On reaching the first village I was keeping an eye out for any stone throwing kids. I went at a fast pace through the village hoping not to draw any attention. But inevitably I did draw the attention of the kids. But instead of throwing stones at me or shouting abuse they were just like the kids I had met earlier in the day, running out to meet me, shouting hello, asking where I was from and welcoming me to Jordan. The same happened me again in the next village. I was suspicious, was I being lulled into a false sense of security! In the end the day passed with no incidents at all. With nothing to worry about I was able to enjoy this road to it’s full extent. The scenery really was fantastic, definitely the best I had seen on the journey so far and the fact the road was quiet meant I had a great end to the day cycling along this road as the day drew to a close.
Expecting to receive harsh treatment and abuse on this road I was delighted to find it the opposite. So I was upbeat when I finally reached the long descent down to Wadi Musa. There had been a nice bit of climbing today, mostly against the wind and it took 7:30 hours of cycling to reach Wadi Musa in the end. In that time I had eaten 4 packets of biscuits and a full swiss roll! The latter was eaten when I was fairly low on energy. A swiss roll is a sort of chocolate log that is usually cut into slices and shared among the family. It would usually last a day or two in my house back home. Here though I was so hungry I ate one out of my hands in one go! As I was doing this of course a bus load of tourists pulled up to take photos by a rock formation in front of me. I’m sure I looked like a complete savage to them, stuffing my face with an entire swiss roll but it had to be done to get some energy into me!

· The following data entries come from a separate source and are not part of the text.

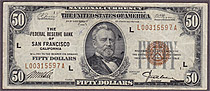 Fr.-1880 1929 $50 San Francisco FRBN Ser. L00315597A Raw
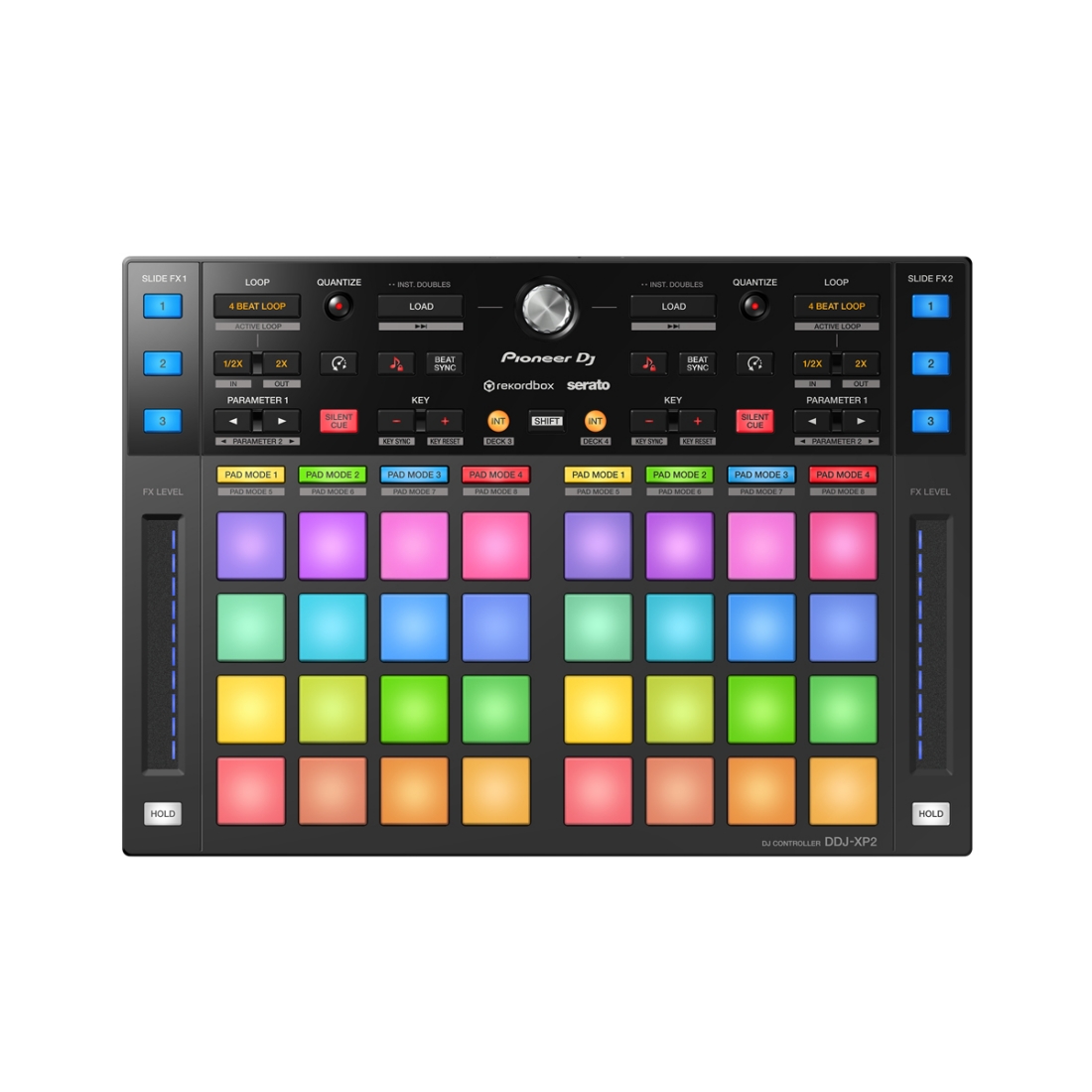 The DDJ-XP2 enhances your setup with 32 robust, multicolored Performance Pads, and puts powerful pad modes at your fingertips. Assign transport controls like play, pause, cue, and pitch up/down to the pads with Transport mode. Use 16 pads to control a single mode (a first for Serato DJ Pro). Trigger Silent Cue to soundlessly cue up tracks with the faders open on the mixer. Then instantly trigger them from Hot Cue points. And feel confident and in control during DJ performances thanks to the looping controls of our DJM-S9 flagship scratch mixer.
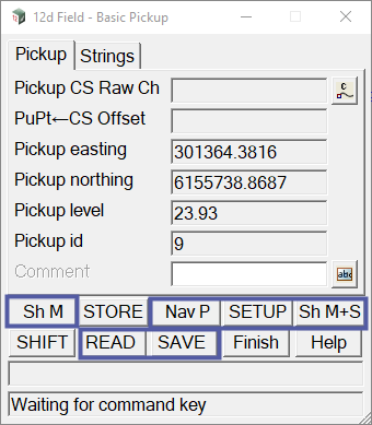 SETUP – The <SETUP> button when pressed, opens up the 12d Field – Store Point Setup panel.
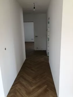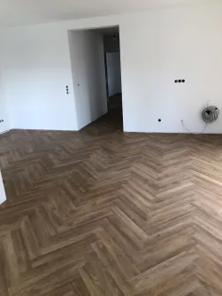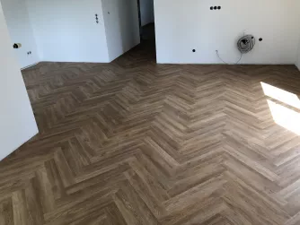 Nach der Spachtelung erfolgte die Verlegung vom Vinylboden in Fischgräten Optik

Descending into Wadi Musa I ended up in the hostel I had got the name of this morning. I was delighted to find out it had an all you can eat buffet for 5JD! It was well worth it and I had 2 full plates of rice, chicken, felafel and spagetti bolognaise. My appetite had gone a bit out of control with all this cycling! I spent the evening watching Indiana Jones in the hostel common room and chatting to Dan and Emily, two of the backpackers I had met on the ferry. They were very well travelled and had been to many of the places in Central Asia and Mongolia that I hope to visit. Their tales made me look forward to my (all going well) future trip there even more. We had a good chat and in the end I didn’t get to bed until 1:30. So all I would be able to get was 4 hours sleep before my full one day assault on Petra tomorrow!